Here's the thing about building new features: by definition, you don't have data on how users will respond to something they've never seen. You can proxy it. You can look at analogous behavior in your existing product. You can run a small experiment. But at some point you're making a judgment call with incomplete information, and dressing that judgment call up as "data-driven" is just adding a layer of false confidence.

At Uzum, we were deciding whether to add a "save for later" feature to the cart. We had data on cart abandonment rates, we had data on return visit patterns, we had data on what categories users browsed without buying. None of it directly answered the question. We could have spent three weeks designing an A/B test. Instead we looked at the data we had, made a judgment call about what it implied, and shipped a version to 10% of users. We learned more in two weeks of real usage than we would have learned from any amount of pre-launch analysis.

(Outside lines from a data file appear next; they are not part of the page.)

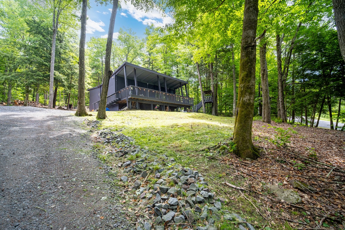 Pabėkite į šį modernų, jaukų poilsį, kuriame jus supa gamta. Užmigti pelėdų, kriketo ir varlių. Vos už 2 min. kelio nuo Rosendale ir už kelių minučių kelio automobiliu iki Kingstono, Naujojo Palco ir Stone Ridge su netoliese esančiais restoranais ir takais. Mėgaukitės dujiniu židiniu, skaitymo kampeliu su vaizdu į medžius ir didele terasa, kurioje jaučiatės lyg būtumėte medžiuose. Privačioje lauko erdvėje yra laužavietė, esanti ramioje 3 akrų sklype, siūlanti visišką ramybę ir tylą. Jūsų laukia tobulas pabėgimas iš Hadsono slėnio!
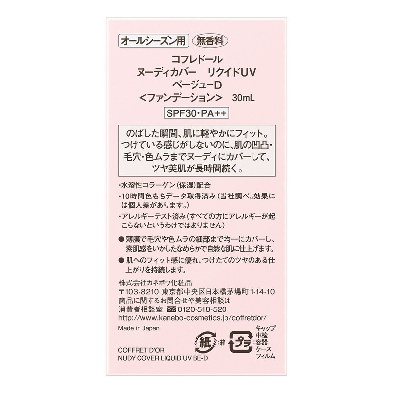 コフレドール ファンデーション ヌーディカバーリクイドUV ベージュD SPF30/PA++ 30mL
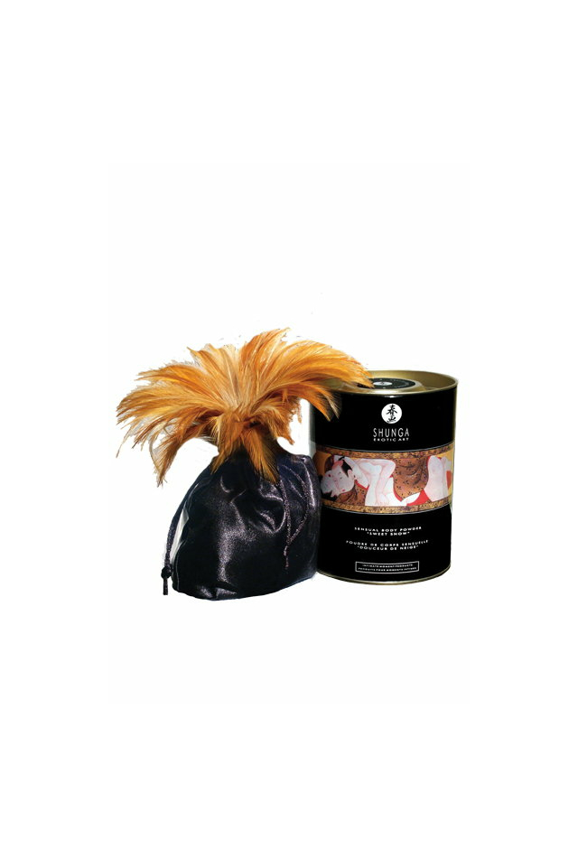 Съедобная пудра для тела Shunga помогает превратить даже самую скромную прелюдию в пиршество страсти. Волнующий аромат, великолепный вкус и изумительный возбуждающий эффект, который можно усилить с помощью входящего в комплект нежного перышка. Такое блюдо точно придётся по вкусу! Кстати, о вкусном: съедобная пудра для тела Shunga не содержит сахара. Она не только абсолютно безопасна для нежной кожи, но и не вредит фигуре. Пудра легко наносится, смывается водой, не оставляет после себя пятен. Может использоваться в качестве сухого дезодоранта в жаркое время.
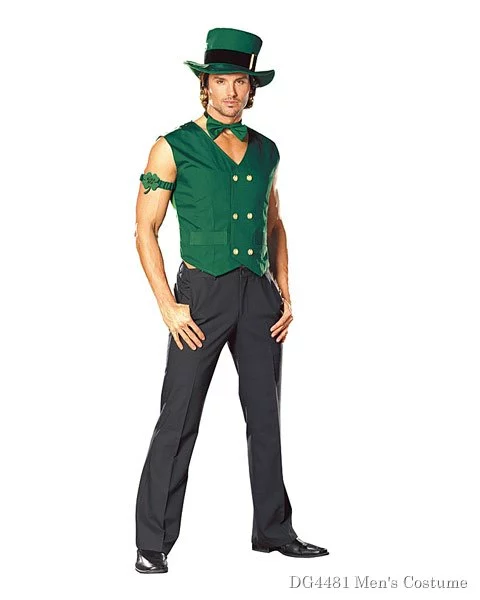 Some St. Patrick’s Day Costumes are silly, some are traditional and others are downright sexy. This Get Lucky Leprechaun Adult costume for men is the sexiest one we’ve seen for men yet. The Leprechaun costume features a green leprechaun hat with a black band and gold buckle, a double breasted green vest with gold buttons, a green bow tie and an armband with a 4 leaf clover. The pants are not included.
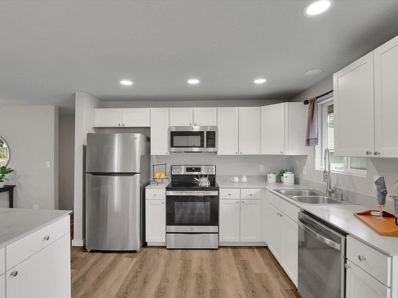 Completely updated 4+-bedroom, 2-bathroom home, ideally situated in the heart of Spokane—just minutes from shopping, dining, and outdoor activities. A bright, open-concept living space featuring luxury vinyl plank (LVP) flooring. The gorgeous, bright kitchen is complete with stainless steel appliances, soft-close shaker cabinets, a central island, and a deep double sink . Enjoy two generous living areas, each with a cozy wood-burning fireplace. New roof (2022) on both the home and detached 2-car garage and space for RV or boat parking.New water heater (2023) Step outside to a large trex deck overlooking the backyard, ready to landscape your way! The basement has a separate entrance, 5th room for a home office, and all appliances stay!
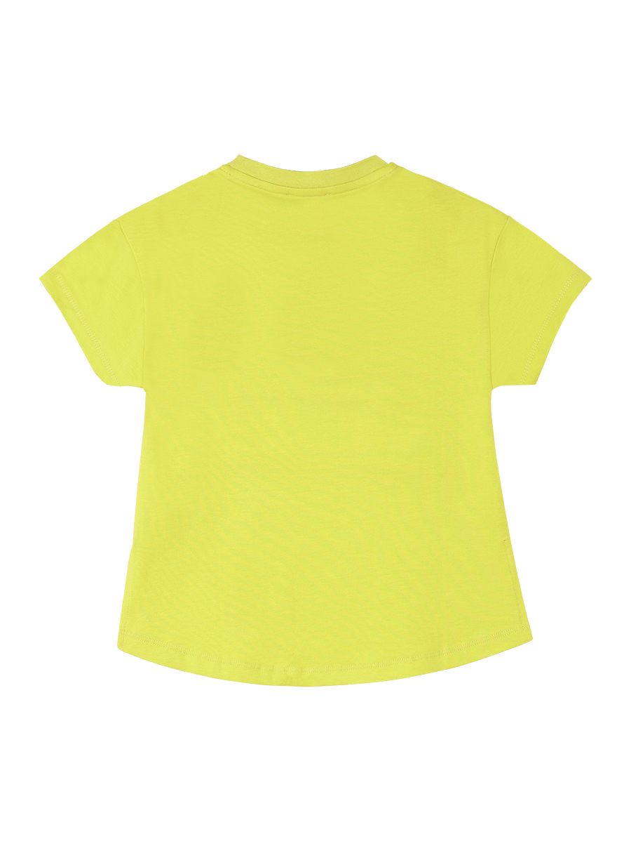 2 piece t-shirt and leggings set. Lime colored T-shirt made of cotton jersey. Has an assymetric front&back cut and a unicorn print on. The leggings is made of cotton jersey. And has a heart print on single leg.
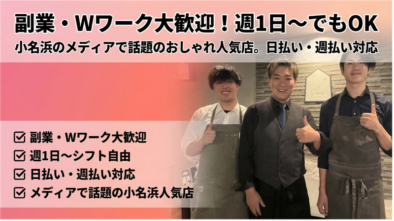 仕事内容 【アピールポイント】 ✅2026年3月NEWオープン! ✅某SNSで話題のお店の系列店! ✅日払い・週払いOK! ✅髪型・髪色自由 ✅1週間ごとのシフト提出! ✅好きな時間に勤務/好きな時間に帰宅OK! ✅未経験歓迎! ✅絶品まかない付き! ホール業務をお願い致します♪ 具体的には、 ・オーダー取り ・ドリンク作成/提供 ・フード提供 ・片付け/掃除 未経験でも丁寧にお教え致します♪ お気軽にご応募ください!
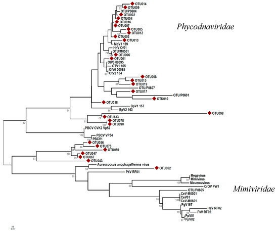 - Hingamp, P.; Grimsley, N.; Acinas, S.G.; Clerissi, C.; Subirana, L.; Poulain, J.; Ferrera, I.; Sarmento, H.; Villar, E.; Lima-Mendez, G.; et al. Exploring nucleo-cytoplasmic large DNA viruses in tara oceans microbial metagenomes. ISME J. 2013, 7, 1678–1695. [Google Scholar] [CrossRef] [PubMed]
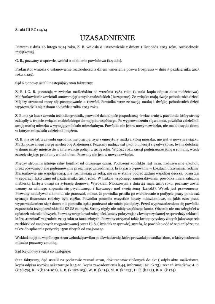 S.. akt III RC 114/14 UZASADNIENIE Pozwem z dnia 26 lutego 2014 roku, Z. B. wniosła o ustanowienie z dniem 1 listopada 2013 roku, rozdzielności majątkowej. G. B., pozwany w sprawie, wniósł o oddalenie powództwa (k.91akt). Prokurator wniosła o ustanowienie rozdzielności z dniem wniesienia pozwu (rozprawa w dniu 5 października 2015 roku k.125). Sąd Rejonowy ustalił następujący stan faktyczny: Z. B. i G. B. pozostają w związku małżeńskim od września 1984 roku (k.11akt kopia odpisu aktu małżeństwa). Małżonkowie nie zawierali umów majątkowych małżeńskich ( bezsporne). Ze związku mają dwoje pełnoletnich dzieci. Między stronami toczy się postępowanie o rozwód. Powódka wraz ze swoją matką i dwójką pełnoletnich dzieci wyprowadziła się z domu 16 października 2013 roku. Z. B. ma 52 lata z zawodu technik ogrodnik, prowadzi działalność gospodarczą -kwiaciarnię w pawilonie, który strony zakupiły w trakcie związku małżeńskiego do majątku wspólnego. Po wyprowadzeniu się z domu, powódka z dziećmi i swoją matką mieszka w wynajętym lokalu mieszkalnym. Powódka nie jest w nowym związku, nie ma kluczy do domu w którym mieszkała z dziećmi i mężem. G. B. ma 56 lat, z zawodu ogrodnik nie pracuje, żyje z emerytury matki z którą mieszka, nie jest w nowym związku. Matka pozwanego cierpi na chorobę Alzheimera. Pozwany nadużywał alkoholu, leczył się odwykowo, był na detoksie, w domu miały miejsce dwie interwencje policji w 2013 roku. W 2012 roku zaczął podejrzewać żonę o romans, wtedy zaczęły się jego problemy z alkoholem. Pozwany nie jest w nowym związku. Między stronami istnieje silny konflikt od dłuższego czasu. Podłożem konfliktu jest m.in. nadużywanie alkoholu przez pozwanego, nie podejmowanie przez niego zatrudnienia, brak partycypowania w kosztach utrzymania rodziny. Małżonkowie nie współpracują, nie rozmawiają ze sobą, nie są w stanie podjąć żadnej wspólnej decyzji, pozostają w separacji faktycznej od października 2013 roku. W trakcie wspólnego zamieszkiwania, powódka miała założoną niebieską kartę z uwagi na sytuację domową. Wyrokiem Nakazowym z dnia 22 maja 2013 roku, pozwany został uznany za winnego znęcania się psychicznego i fizycznego nad swoją żoną (k.15akt). Wyrok jest prawomocny. Pozwany nadużywał alkoholu, nie pracował, mimo, że powódka prosiła go wielokrotnie o podjęcie pracy ponieważ sytuacja finansowa rodziny była ciężka. Powódka ponosiła wszystkie koszty mieszkaniowe, na jakiś czas przed wyprowadzeniem się z domu nie ponosiła opłat ponieważ nie miała pieniędzy. Przed wyprowadzeniem się powódka zaprzestała też opłacać składki KRUS za męża. Strony nigdy nie miały wspólnego konta. Obecnie nie ma zaległości w opłatach mieszkaniowych. Pozwany uregulował zaległości, koszty pokrywając z kwoty uzyskanej ze sprzedaży szklarni, którą „rozebrał” w grudniu 2013 roku za 6000 złotych. Pozwany otrzymał także kwotę 15 tysięcy złotych jako wsparcie ze zbiórki od znajomych zorganizowanej przez H. S. ( świadek w sprawie), uważa, że powinien oddać te pieniądze, ma także do spłacenia pożyczkę 1500 złotych od znajomego. W skład majątku wspólnego stron wchodzi pawilon pod kwiaciarnię, którą prowadzi powódka i dom, w którym obecnie mieszka pozwany z matką. Sąd Rejonowy zważył co następuje: Stan faktyczny, Sąd ustalił na podstawie zeznań stron, dokumentów złożonych do akt ( odpis aktu małżeństwa, kopia odpisu wyroku nakazowego k.15-16, kopia zawiadomienia k.44, informacji KPP k.73), zeznań świadków: J. B. (k.78-79), R. B.(k.101-102), K. B. (k.102-103), W. B. (k.114), M. B. (k.123) , H. C. (k.123), R. K. (k.124). Zeznania w/w świadków potwierdziły stan separacji małżonków, silny konflikt pomiędzy nimi, także fakt nadużywania alkoholu przez pozwanego i w tym zakresie zasługują na wiarę są zbieżne również z zeznaniami stron. Zeznania świadków J. B. ( matki powódki) i R. B. ( syna stron) i K. B. ( córki stron) potwierdziły także separację stron, nadużywanie alkoholu przez pozwanego, awantury w domu na tym tle. Zeznania wymienionych świadków są spójne, nie budzą wątpliwości. Wymienieni świadkowie jako osoby najbliższe dla stron, mieszkające z nimi są zorientowane w sytuacji panującej w rodzinie. Zeznania te nie budzą wątpliwości, znajdują potwierdzenie w pozostałym materiale dowodowym także w zeznaniach stron. Powództwo zasługuje na uwzględnienie co do zasady. Art. 52 § 1 krio. stanowi, że z ważnych powodów każdy z małżonków może żądać ustanowienia przez sąd rozdzielności majątkowej. Ten przymusowy ustrój majątkowy stanowi wyjątek od ogólnej zasady jaką jest ustawowa wspólność majątkowa osób pozostających w związku małżeńskim. W judykaturze Sądu Najwyższego wskazano, że „ważne powody” to sytuacja pociągająca za sobą naruszenie lub poważne zagrożenie interesu majątkowego jednego z małżonków i z reguły także dobra rodziny oraz wynikająca z nieporozumień małżeńskich utrata zdolności do wykonywania zarządu majątkiem wspólnym [por. wyrok Sądu Najwyższego z dnia 31 stycznia 2003 roku, sygn. IV CKN 1710/00, LexPolonica nr 377918; wyrok Sądu Najwyższego z dnia 7 grudnia 2000 roku, sygn. II CKN 401/00, LexPolonica nr 2440302]. Jednym z ważnych powodów uzasadniających ustanowienie rozdzielności majątkowej może być okoliczność, że małżonkowie żyją w rozłączeniu (separacja faktyczna), o ile stan ten cechuje się brakiem możliwości współdziałania w zarządzie majątkiem wspólnym [wyrok Sądu Najwyższego z dnia 13 maja 1997 roku, sygn. III CKN 51/97, OSN 1997, nr 12, poz. 194; wyrok Sądu Najwyższego z dnia 4 czerwca 2000 roku, sygn. III CK 126/03, M. Praw. 2004, nr 13, s. 582, wyrok Sądu Najwyższego z dnia 14 stycznia 2005 roku, sygn. III CK 112/04, LEX nr 602707]. Przenosząc powyższe rozważan
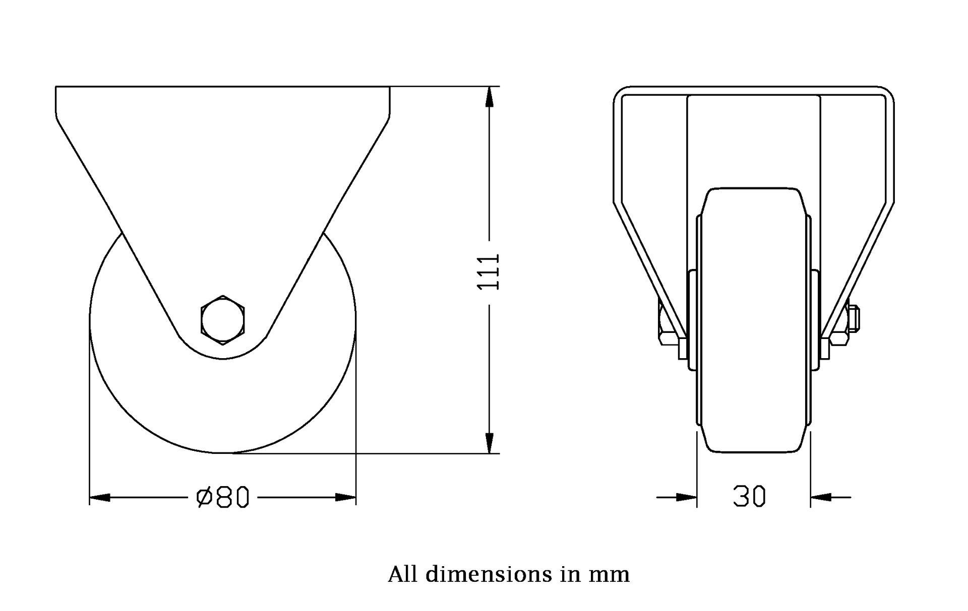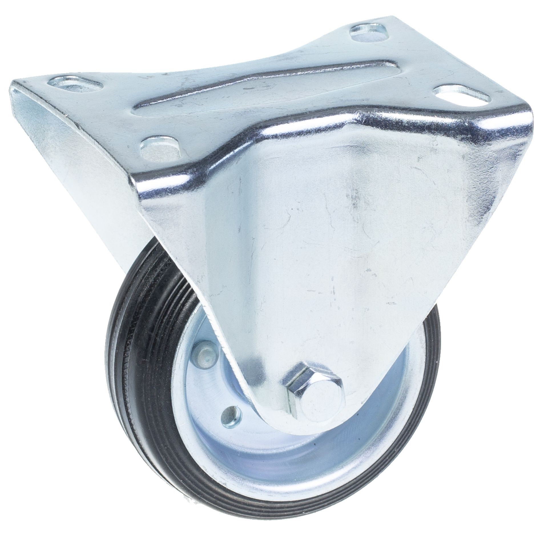 80mm fixed castor with black rubber on pressed steel centre wheel
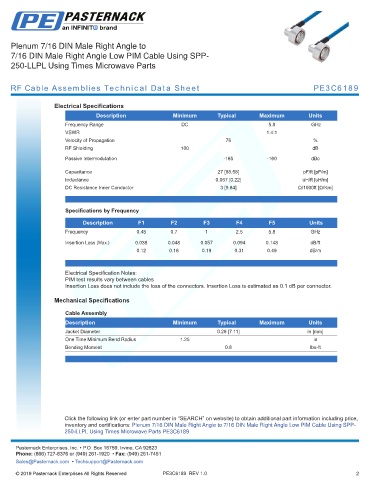 RF Cable Assemblies Technical Data Sheet PE3C6189
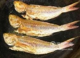 起一口锅,放入一点食用油,把小鱼放入锅中,小火慢煎,开大火容易糊。

The cost of delay is real. It doesn't show up in your analytics dashboard, but it's there. Three weeks of engineering time spent waiting for a test to reach statistical significance is three weeks you didn't spend on the next thing.

When metrics become a shield

The more insidious version of the metrics trap is using data to avoid accountability. If the data said to do X and X didn't work, it's the data's fault. If you made a judgment call and it didn't work, it's your fault. So you make sure there's always a metric pointing at your decision.

I've watched PMs build elaborate dashboards that always look good because they're measuring the wrong things. Retention is up - but retention is measured as "logged in at least once in 30 days," which is a low bar that doesn't tell you whether users are getting value. Order completion rate is up - but it's up because you removed a step that was catching fraud, and you'll find that out in three months when the chargeback rate spikes.

Every metric is a model of reality, not reality itself. Every dashboard is a set of choices about what to measure and what to ignore. When you treat the dashboard as ground truth, you're trusting someone else's choices about what matters - usually whoever set up the analytics two years ago, who had different priorities and different questions.

The metric that's been trending up for six months without a single bad week is suspicious. Either you're doing something remarkable or you're measuring the wrong thing. In my experience, it's usually the second one.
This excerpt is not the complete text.